Welcome to TechNet Blogs Sign in | Join | Help
I'll be there in 2 microseconds!

Fantastic news! Mellanox has released the beta 2 version of their WinIB 1.4 stack, which works with HPC Server 2008 beta 2 and has Network Direct providers for their latest ConnectX cards. The results announced at ISC 08 are outstanding:

- 2 microseconds' latency

- 2 GB/s throughput

Another outstanding result for HPC Server 2008 is the Umea cluster, at n. 39 in the Top 500 list:

- 46.04 TFlops

- 85.6% efficiency

Hats off to the Network Direct team.

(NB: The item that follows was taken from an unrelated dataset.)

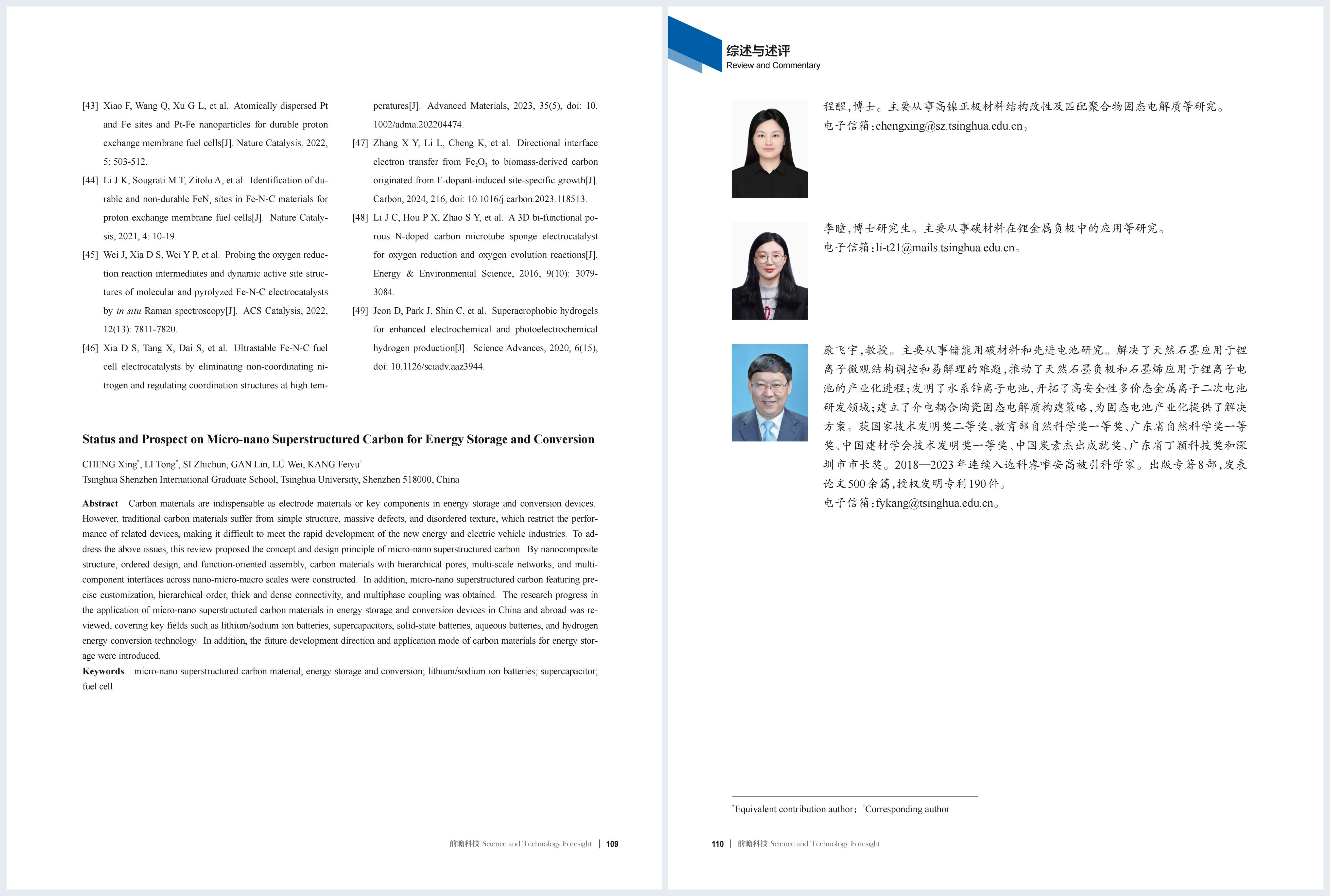 综述与述评 | 程醒,李瞳,康飞宇等:能源存储与转化用微纳超结构碳:现状与建议

Now Windows HPC Server 2008 plays with the big boys :-)

Powered by Qumana

Teched session on HPC in top 20!

Phil Pennington and I presented a session on cluster performance optimization at Teched 2008 in Orlando. It made it in the top 20 list by customer satisfaction!!!

To all those who were there and voted for us: Thank you!!!

To all those who were not there but would still like to know about it: leave a comment!

Powered by Qumana

How fast is this thing, really?!

Microsoft entered the HPC market a couple of years ago with a value proposition based on ease of integration, use and management. The comment we received most often sounded more or less like this: "This is all well and good, but how fast is this thing, really?". Well, here are a couple of impressive answers:

1. The NCSA cluster, running Windows HPC Server 2008 CTP on 1184 nodes (9472 cores), achieved 64.48 TFlops and 77.7% efficiency. This places it at n. 23 of the June 08 Top500 list.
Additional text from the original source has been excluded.